Data supplied:

- - -

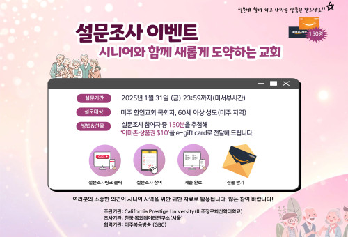 California Prestige University(미주장로회신학대학교)는 미주 한인교회 목회자와 시니어 성도를 대상으로 한국의 대표적인 기독교 전문 설문 조사 기관인 목회데이터연구소와 함께 현 미주 한인 교회 시니어 현황 및 시니어 사역을 위한 설문 조사를 실시한다.  미국 전 지역의 목회자 또는 60세 이상의 성도들을 대상으로 진행되는 본 조사는 설문 링크가 이메일이나 문자, 카카오톡의 메시지로 발송되어 누구나 간편하게 참여할 수 있으며 2025년 1월 말까지 실시할 예정이다. PULI(프레스티지 대학 평생교육원)의 이성희 원장은 “설문에 대한 성실한 답변 하나하나가 미주 한인교회 시니어 사역 준비를 위한 소중한 통계자료로 이어지므로 목회자들과 시니어 성도들의 적극적인 참여를 바란다”라고 요청했다. 또한, “섬기는 교회의 시니어 성도들에게 설문조사가 있음을 안내하고 참여하도록 돕는 목회자에게는 $10 상당의 아마존 상품권이 증정됩니다. 그리고, 설문을 완료한 분들에게 감사의 의미로 추첨을 통해 150명에게 $10 상당의 아마존 상품권이 e-gift card로 증정된다”라고 밝혔다.설문조사는 아래의 링크주소를 클릭하면 시작이 된다. 또한 California Prestige University의 홈페이지(www.ptsa.edu)와 학교와 협력하는 미주복음방송 등 여러 기독교언론 홈페이지에 게시된 설문 조사의 URL 주소를 이용하여 조사에 참여할 수 있다. 설문조사의 자료를 토대로 미주 한인교회의 시니어 사역에 관한 백서를 출간할 예정이며, 제2차 ‘시니어와 함께 새롭게 도약하는 교회’ 세미나를 통하여 이 자료들이 발표가 될 것이다. 현대 교회는 “고령화”라고 하는 시대적 난제를 맞고 있다. 특별히 미주 한인 이민 교회는 그 가속화가 더욱 심각하다. 이런 상황속에서 “어떻게 이를 극복하고 이민교회가 시니어와 함께 새롭게 도약 할 수 있을까?” 모두가 함께 고민하며 풀어 나가야 할 당면과제임이 분명하다. 그러기에 이번 설문조사는 너무나 소중하다. 많은 분들의 관심있는 참여와 기도가 정말 절실하다.  [이 게시물은 크리스천헤럴드님에 의해 2025-01-11 14:05:02 특별기고에서 이동 됨]
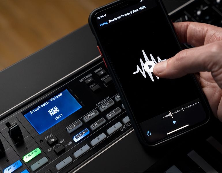 CKはBluetoothオーディオの受信に対応。スマートフォンなどを接続し、内蔵スピーカーやCKと接続したPAスピーカーからBGMや伴奏を流したりする事も可能です。
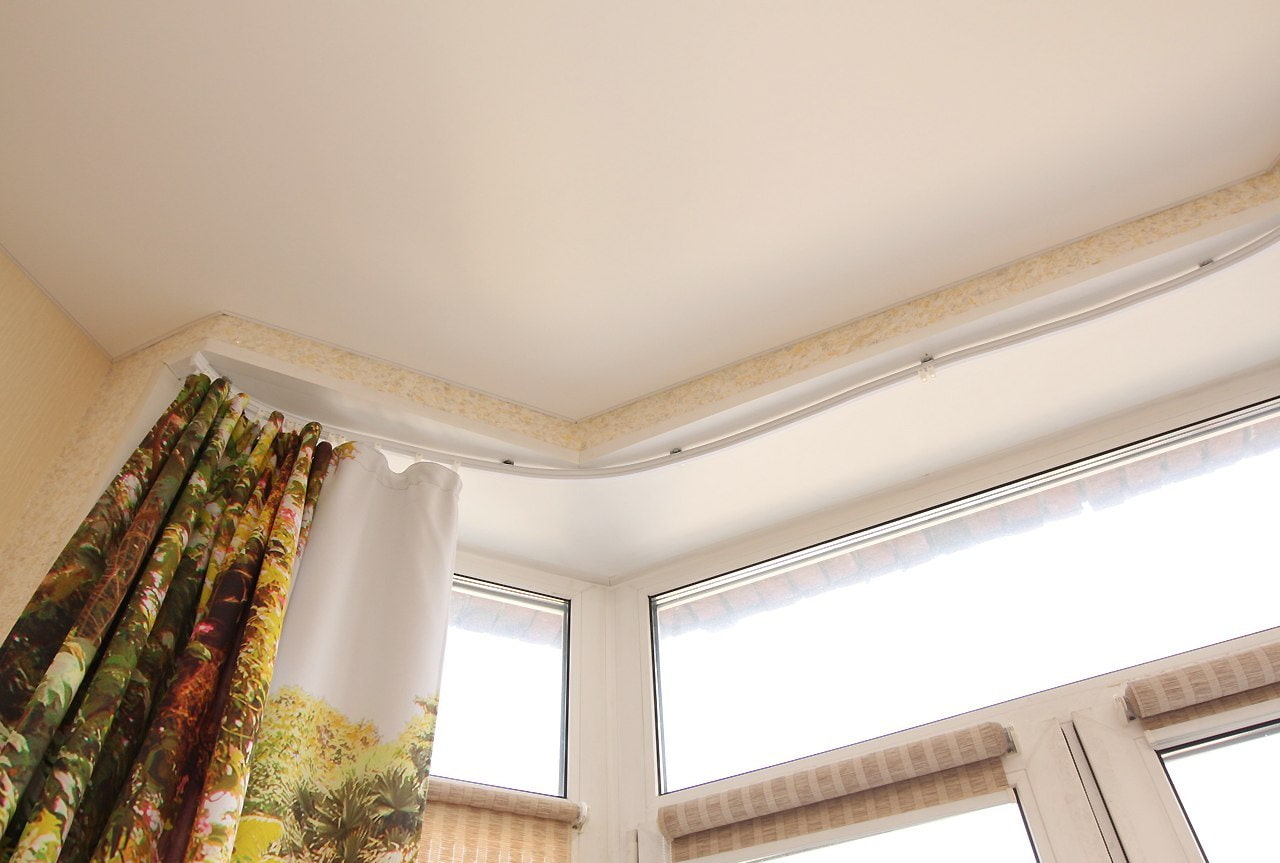 تصميم الطنف على شكل نصف دائرة لا يختلف عن المعتاد - قضيب ، بين قوسين ، نصائح ، حلقات للستائر.
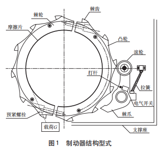 安全制动器结构型式如图 1 所示,当负载下降时,卷筒逆时针方向旋转,滚轮在凸轮的激励下带动摆臂做周期性摆动。当弹簧作拉力不足以克服摆臂摆动力时,摆动倾角逐渐加大直至带动棘爪与棘齿啮合,此时打杆触发电气开关,断开下降方向的控制回路,棘轮通过摩擦阻力实现减速制停。
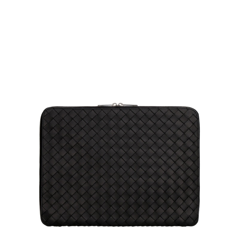 Featuring precise dimensions of 35.5cm in width, 27cm in height, and 2cm in depth, the Bottega Veneta Black Leather Pouch is spacious enough to hold your essential items while remaining compact and easy to carry. The zip closure ensures that your belongings are secure, making it a practical choice for daily use or evening outings.
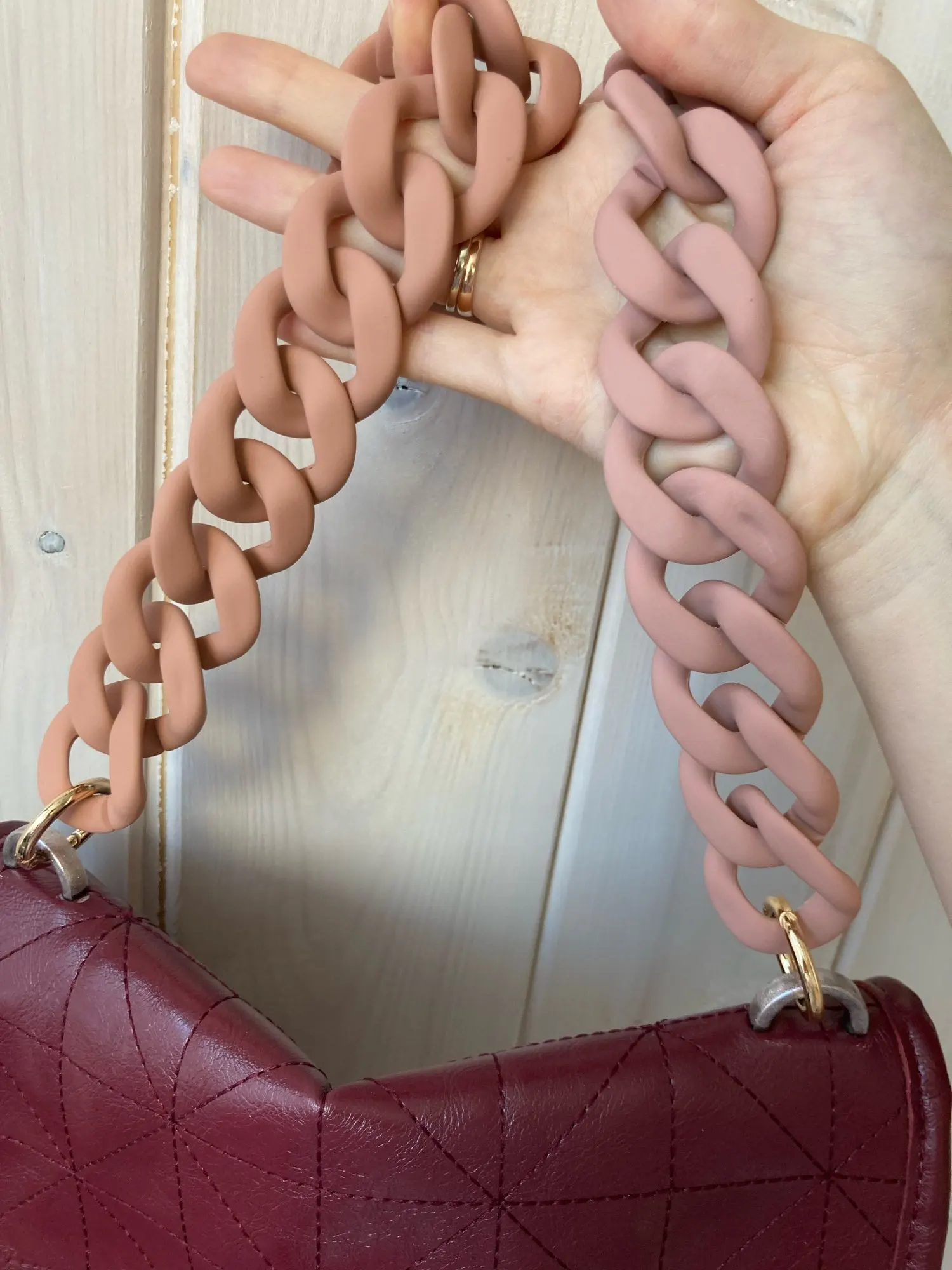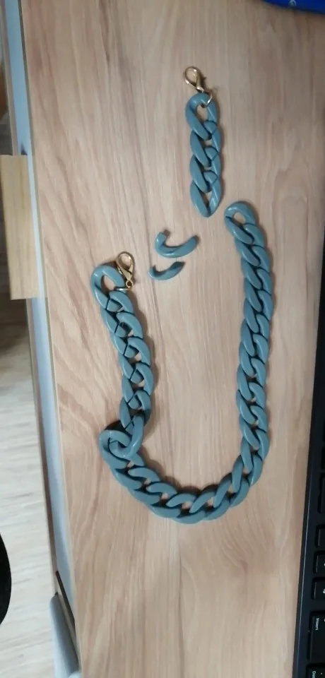 На фото цепь выглядит более объёмнее в диаметре,но и карабины не очень надёжно выглядят при носке просмотрю на долго ли хватит.
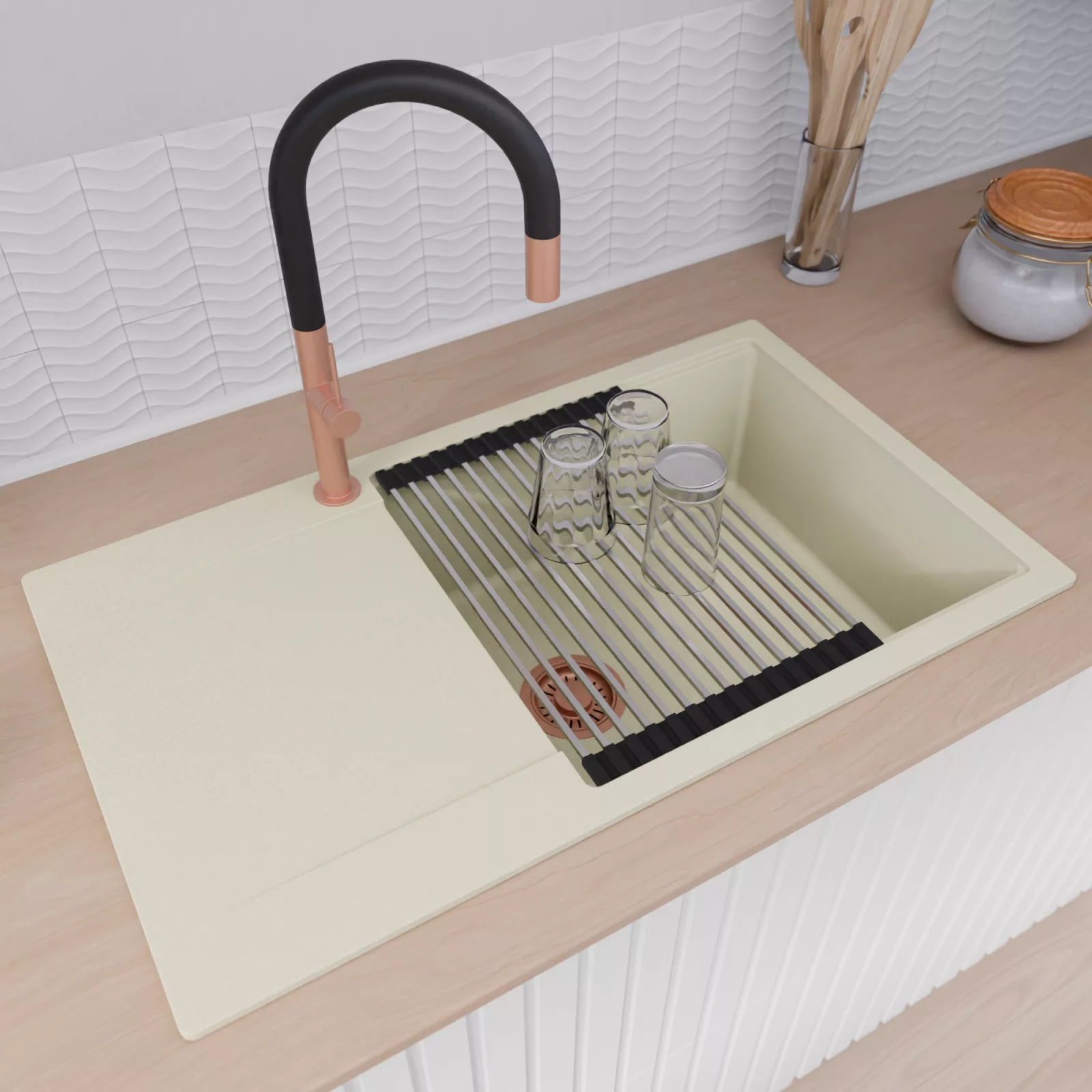 A mosogató prémium minőségű gránit kompozitból készült. Letisztult megjelenése mellett rendkívül praktikus, így bármilyen stílusú konyhába harmonikusan illeszkedik. A strapabíró gránit anyag hosszú távon is megbízható használatot garantál.

- - -

Exercise objective: An exact transcription of the material is required, without any pictures.

Answer to this problem:
 California Prestige University(미주장로회신학대학교)는 미주 한인교회 목회자와 시니어 성도를 대상으로 한국의 대표적인 기독교 전문 설문 조사 기관인 목회데이터연구소와 함께 현 미주 한인 교회 시니어 현황 및 시니어 사역을 위한 설문 조사를 실시한다.  미국 전 지역의 목회자 또는 60세 이상의 성도들을 대상으로 진행되는 본 조사는 설문 링크가 이메일이나 문자, 카카오톡의 메시지로 발송되어 누구나 간편하게 참여할 수 있으며 2025년 1월 말까지 실시할 예정이다. PULI(프레스티지 대학 평생교육원)의 이성희 원장은 “설문에 대한 성실한 답변 하나하나가 미주 한인교회 시니어 사역 준비를 위한 소중한 통계자료로 이어지므로 목회자들과 시니어 성도들의 적극적인 참여를 바란다”라고 요청했다. 또한, “섬기는 교회의 시니어 성도들에게 설문조사가 있음을 안내하고 참여하도록 돕는 목회자에게는 $10 상당의 아마존 상품권이 증정됩니다. 그리고, 설문을 완료한 분들에게 감사의 의미로 추첨을 통해 150명에게 $10 상당의 아마존 상품권이 e-gift card로 증정된다”라고 밝혔다.설문조사는 아래의 링크주소를 클릭하면 시작이 된다. 또한 California Prestige University의 홈페이지(www.ptsa.edu)와 학교와 협력하는 미주복음방송 등 여러 기독교언론 홈페이지에 게시된 설문 조사의 URL 주소를 이용하여 조사에 참여할 수 있다. 설문조사의 자료를 토대로 미주 한인교회의 시니어 사역에 관한 백서를 출간할 예정이며, 제2차 ‘시니어와 함께 새롭게 도약하는 교회’ 세미나를 통하여 이 자료들이 발표가 될 것이다. 현대 교회는 “고령화”라고 하는 시대적 난제를 맞고 있다. 특별히 미주 한인 이민 교회는 그 가속화가 더욱 심각하다. 이런 상황속에서 “어떻게 이를 극복하고 이민교회가 시니어와 함께 새롭게 도약 할 수 있을까?” 모두가 함께 고민하며 풀어 나가야 할 당면과제임이 분명하다. 그러기에 이번 설문조사는 너무나 소중하다. 많은 분들의 관심있는 참여와 기도가 정말 절실하다.  [이 게시물은 크리스천헤럴드님에 의해 2025-01-11 14:05:02 특별기고에서 이동 됨]
 CKはBluetoothオーディオの受信に対応。スマートフォンなどを接続し、内蔵スピーカーやCKと接続したPAスピーカーからBGMや伴奏を流したりする事も可能です。
 تصميم الطنف على شكل نصف دائرة لا يختلف عن المعتاد - قضيب ، بين قوسين ، نصائح ، حلقات للستائر.
 安全制动器结构型式如图 1 所示,当负载下降时,卷筒逆时针方向旋转,滚轮在凸轮的激励下带动摆臂做周期性摆动。当弹簧作拉力不足以克服摆臂摆动力时,摆动倾角逐渐加大直至带动棘爪与棘齿啮合,此时打杆触发电气开关,断开下降方向的控制回路,棘轮通过摩擦阻力实现减速制停。
 Featuring precise dimensions of 35.5cm in width, 27cm in height, and 2cm in depth, the Bottega Veneta Black Leather Pouch is spacious enough to hold your essential items while remaining compact and easy to carry. The zip closure ensures that your belongings are secure, making it a practical choice for daily use or evening outings.
 На фото цепь выглядит более объёмнее в диаметре,но и карабины не очень надёжно выглядят при носке просмотрю на долго ли хватит.
 A mosogató prémium minőségű gránit kompozitból készült. Letisztult megjelenése mellett rendkívül praktikus, így bármilyen stílusú konyhába harmonikusan illeszkedik. A strapabíró gránit anyag hosszú távon is megbízható használatot garantál.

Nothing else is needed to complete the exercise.